$\newcommand{\bdy}{\operatorname{bdy}}$
I'm trying to show that $\bdy(A) = \bdy(A^c)$.
I know that $\bdy(A) = \operatorname{closure} A \setminus \operatorname{int}(A) = (\operatorname{int}(A^c))^c \setminus \operatorname{int}(A)$, but I don't know where to go from there.
Any help or hints would be very much appreciated.
If you know that $\mathrm{closure}(A)=(\mathrm{int}(A^c))^c$, then you also have $\mathrm{closure}(A^c)=(\mathrm{int}(A))^c$ because $(A^c)^c=A$. Therefore
$$\mathrm{boundary}(A)=\mathrm{closure}(A)\cap(\mathrm{int}(A))^c = \mathrm{closure}(A)\cap \mathrm{closure}(A^c).$$
The last expression is symmetric in $A$ and $A^c$.

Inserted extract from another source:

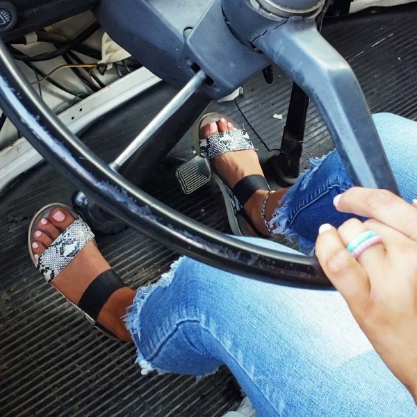 Samantha Ford Weak Driving the Chevy in Black Slingbacks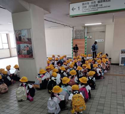 学校を出発して、今川駅でかしこく電車を待っています。

A point in X is said to be a boundary point of a set A if each neighborhood of the point intersects both A and X\A. If you replace A with the complement of A in the statement, you get the same statement. So very simply both the sets have the same boundary.
Note that for a metric space $(X,d)$, and $A \subset X$, $bdy(A)$ is $cl(A) \cap$ $cl(X \backslash A)$. To show that $bd(A)$ is a subset of $bd(X \backslash A)$ (a similar argument can show the reverse inclusion), it really just suffices to show that $X \backslash (X \backslash A)$ is $A$.
Note that an equivalent definition of the boundary of A is $cl(A) \backslash int(A)$. If you’re using this definition, I suggest you prove that the two definitions are indeed equivalent.
To show that the boundary of a set A is equal to the boundary of it complement , it suffices to show that there exist an element x in between the boundaries of $A$ and $A^c$ . So if $x$ belongs to boundary of $A$, This implies there exist $y$ and $z$ such that $y$ belongs to $A$ and $z$ belongs to $A^c$ . This implies bd $(A)=x=bd (A^c)$. Hence $bd (A)=bd(A^c)$ .